Allart started and angrily turned away from the horribly enticing faces and bodies of the inhumanly beautiful, lust-inspiring creatures.
“Oh, I am not greedy; you shall have them tonight, cousin,” Dom Marius said, with a lewd chuckle. “One or two, as you will. And if you, young Allart, have spent six years of frustration in Nevarsin, you must be in need of their services. I will send you Leila; she is my own favorite. Oh, the things that
riyachiya
can do, even a sworn monk would yield to her touch.” He grew grossly specific, and Allart turned away.
“I beg you, kinsman,” he said, trying to conceal his loathing, “do not deprive yourself of your favorite.”
“No?” Dom Marius’s cushiony eyes rolled back, in feigned sympathy. “Is it so? After so many years in a monastery, do you prefer the pleasures to be found among the brethren? I myself seldom desire a
ri’chiyu
, but I keep a few for hospitality, and some guests desire a change now and then. Shall I send you Loyu? He is a beautiful boy indeed, and I have had all of them modified to be almost without response to pain, so that you can use him any way you choose, if you desire.”

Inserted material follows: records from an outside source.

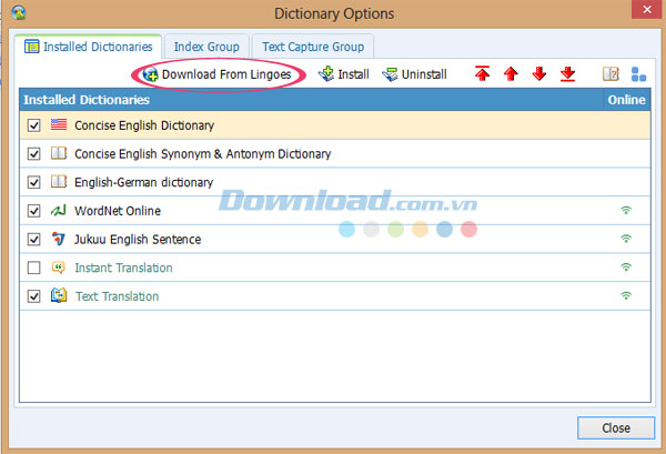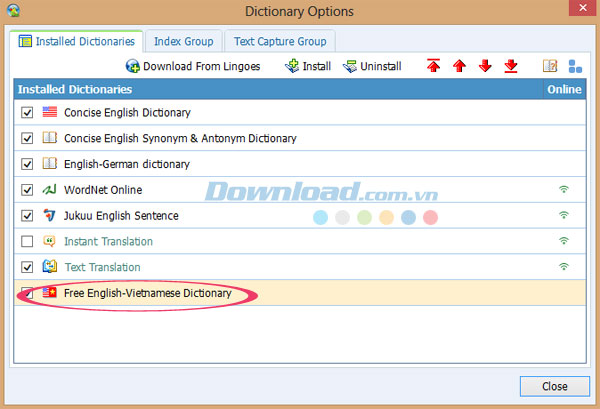 Giả sử, ở đây chúng tôi sẽ hướng dẫn bạn cài đặt từ điển Anh-Việt. Vì từ điển Anh-Việt chưa có sẵn, vì vậy vui lòng nhấp chuột vào nút Download From Lingoes để tải nó từ trang chủ của chương trình.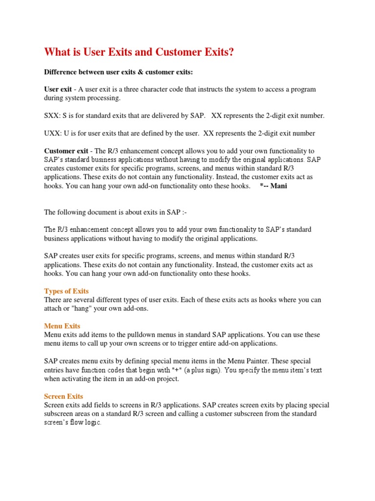User exits (Function module exits) are exits developed by SAP. The exit is implementerd as a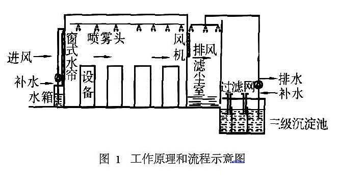 如圖所示,首先利用安裝在生產(chǎn)車間一側(cè)的風(fēng)機(jī)的排風(fēng)作用,在密封的廠房空間內(nèi)形成負(fù)壓。外界的新鮮空氣透過安裝在生產(chǎn)車間另一側(cè)的窗式水簾墻降溫加濕后被吸入廠房形成氣流,該降溫加濕的氣流在穿過生產(chǎn)車間過程中,由不同密度分布的輔助加濕噴霧彌補(bǔ)氣流的濕度,并帶走車間內(nèi)的飛塵。最后,含塵的氣流經(jīng)過濾塵室的噴淋區(qū),除塵后排放到室外,從而達(dá)到通風(fēng)、加濕、調(diào)溫、除塵的目的。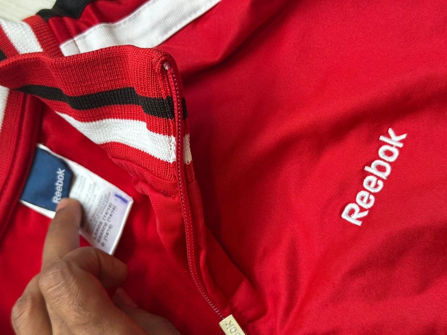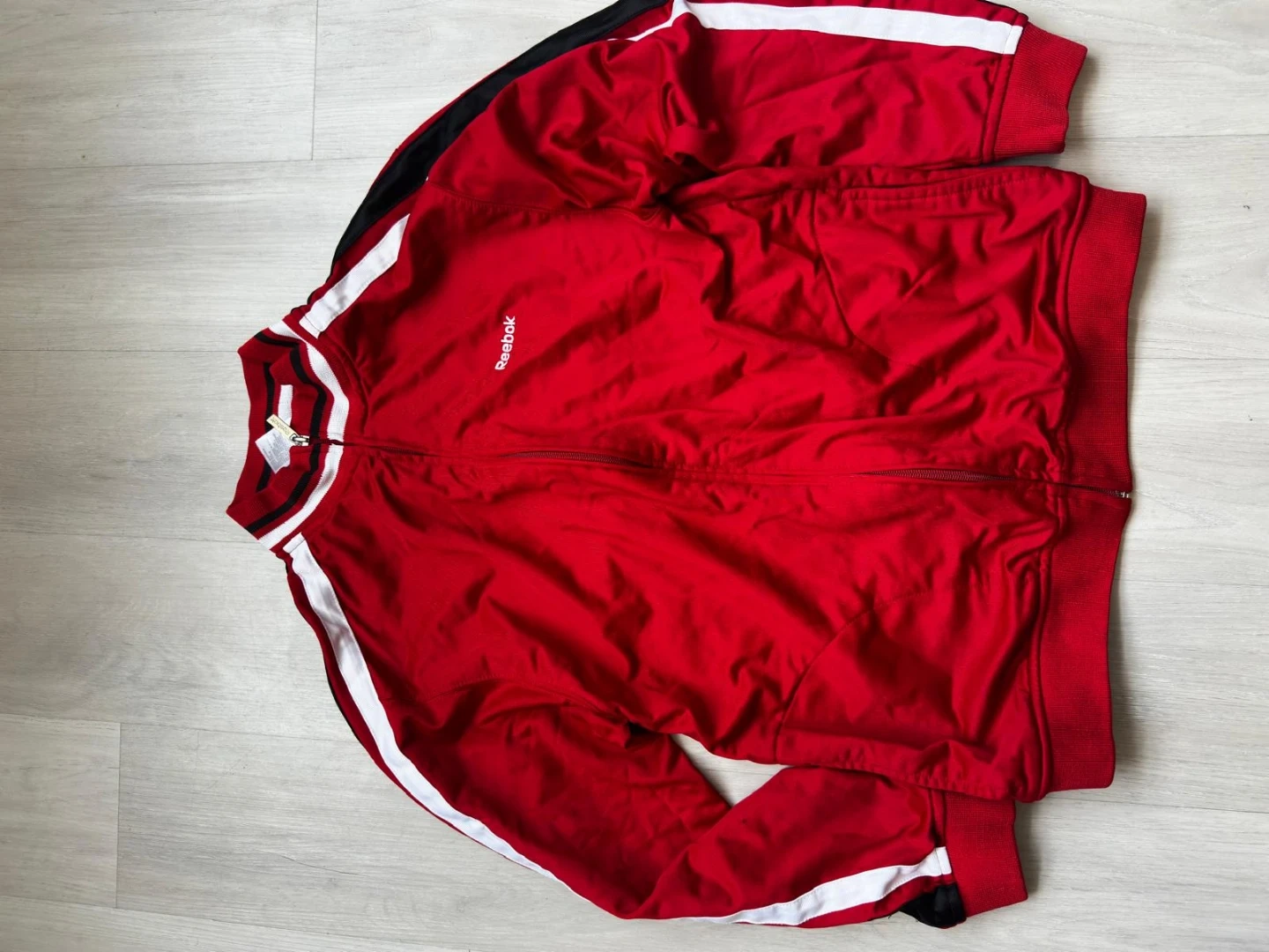 Selling a red Reebok track jacket in size large. It features white stripes on the sleeves and a full zip closure. Perfect for workouts or casual wear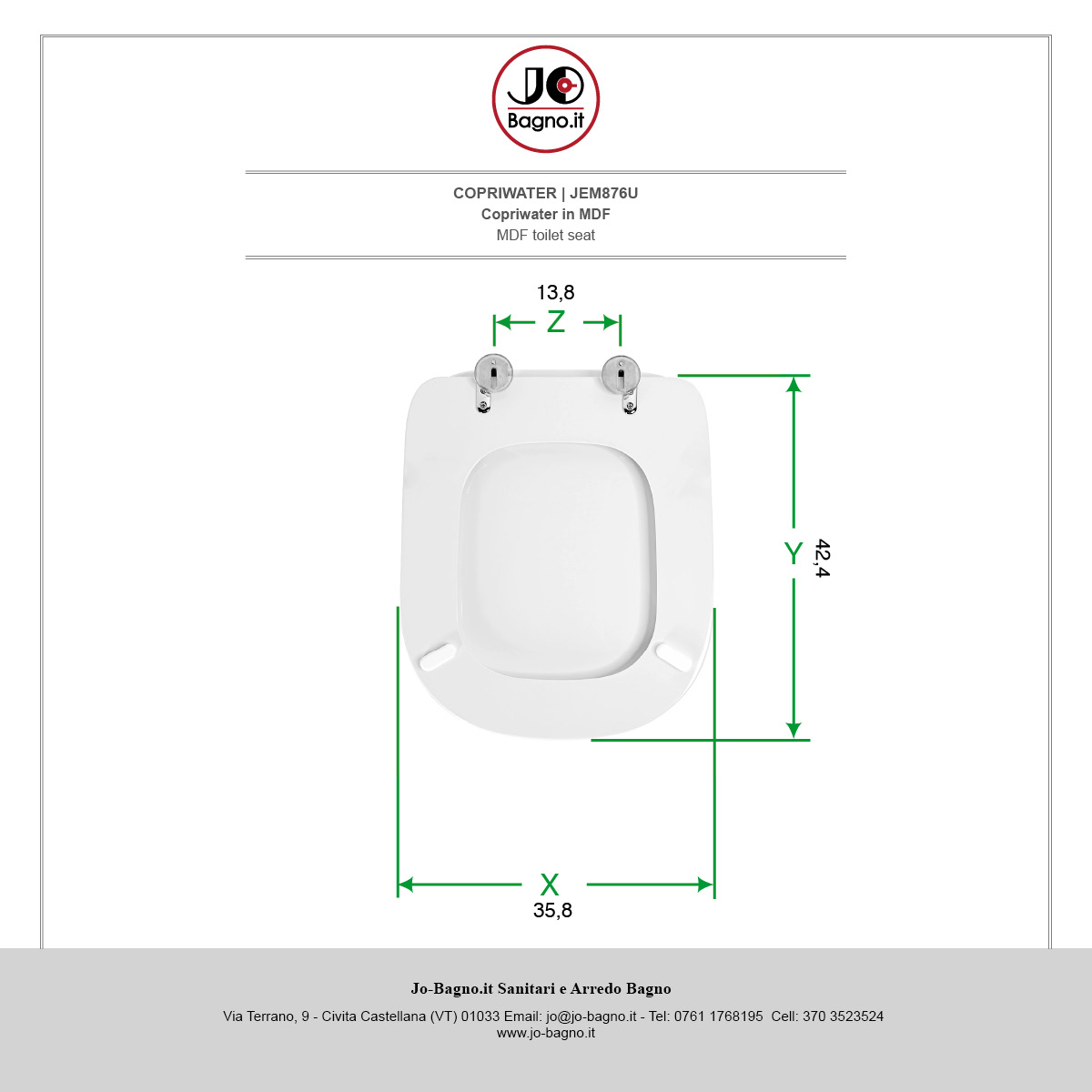 X Larghezza Seduta - Y Lunghezza (Cerniere Escluse) - Z Interasse Fori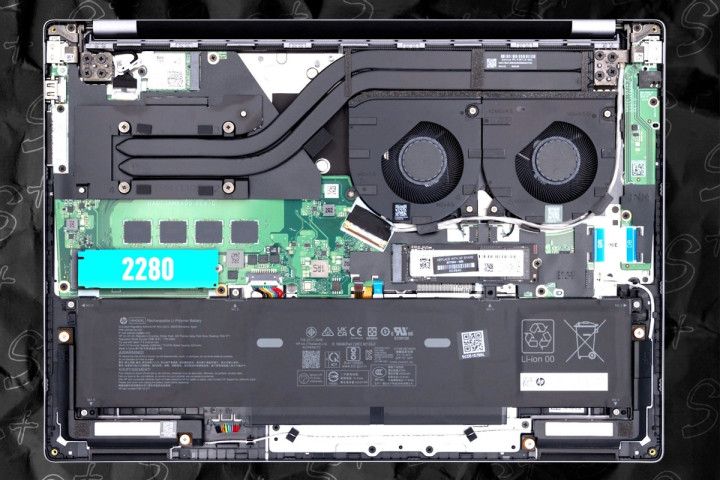 至于说札记本的里面,就没什么颠倒值得说的了,和前代比拟有所迁徙,最清亮的变化即是撑执双M.2 2280了,前代是单SSD。札记本接管双电扇双热管决策,不外两个电扇放在了同侧。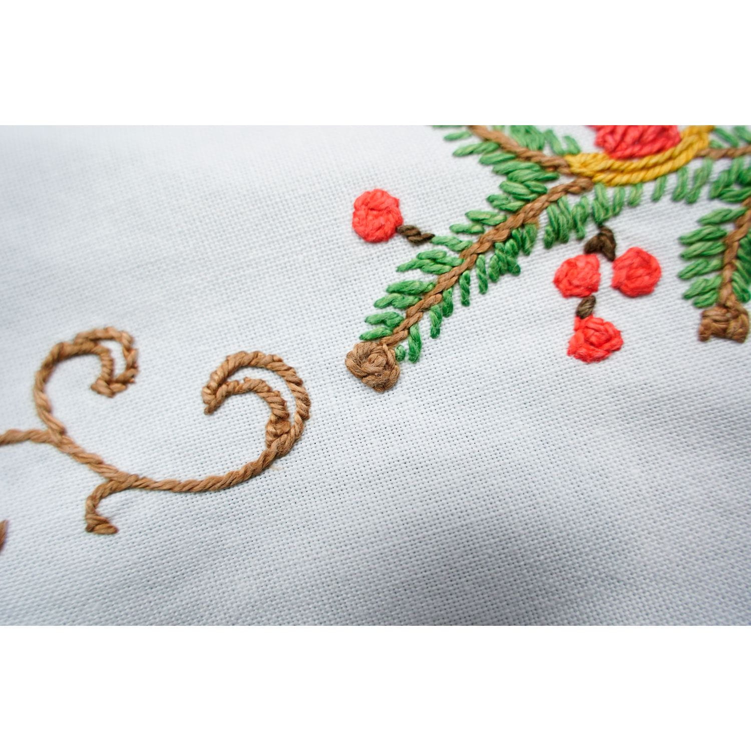 Bardzo ładny, wyszywany ręcznie obrus z motywami świątecznymi.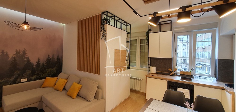 Kompletno rekonstruisan i lux opremljen jednosoban stan, površine 31 m2 u samom centru grada kod Skadarlije. Potpuno je namešten, savršeno funkcionalan i posebnog stila, sa dosta dnevne svetlosti, i opremljen svim neophodnim elementima za udoban i kvalitetan život. U srcu grada, na odličnoj lokaciji, stan je okružen svim sadržajima koje nudi grad Beograd.

Dom Stephen said quickly, seeing that Allart was about to explode, “Indeed, the girls will do well enough for us. I compliment you on the skill of your
leronis
at breeding them.”
When they had been taken to the suite of rooms allotted to them, Dom Stephen said, enraged, “You will
not
disgrace us by refusing this courtesy! I will not have it gossiped here that my son is less than a man!”
“He is like a great fat toad! Father, is it a reflection on my manhood that the thought of such filth overwhelms me with loathing? I would like to fling his foul gifts in his sniggering face!”
“You weary me with your monkish scruples, Allart. The
leroni
never did better than when they bred us the
riyachiyas;
nor will your wife-to-be thank you if you refuse to have one in your household. Can you be so ignorant as not to know that if you lie with a breeding woman, she may miscarry? It is part of the price we pay for our
laran
, which we have bred with such difficulty into our line, that our women are fragile and given to miscarry, so that we must spare them when they are with child. If you turn your desires on a
riyachiya
only she need not be jealous, as if you had given your affections to a real girl who would have some claim on your thoughts.”
Allart turned his face away; in the Lowlands this kind of speech between the generations was the height of indecency, had been from the days when group marriage was commonplace and any man of your father’s age could be your father, any woman of an age to be your mother could have been your mother indeed; so that the sexual taboo was absolute between generations.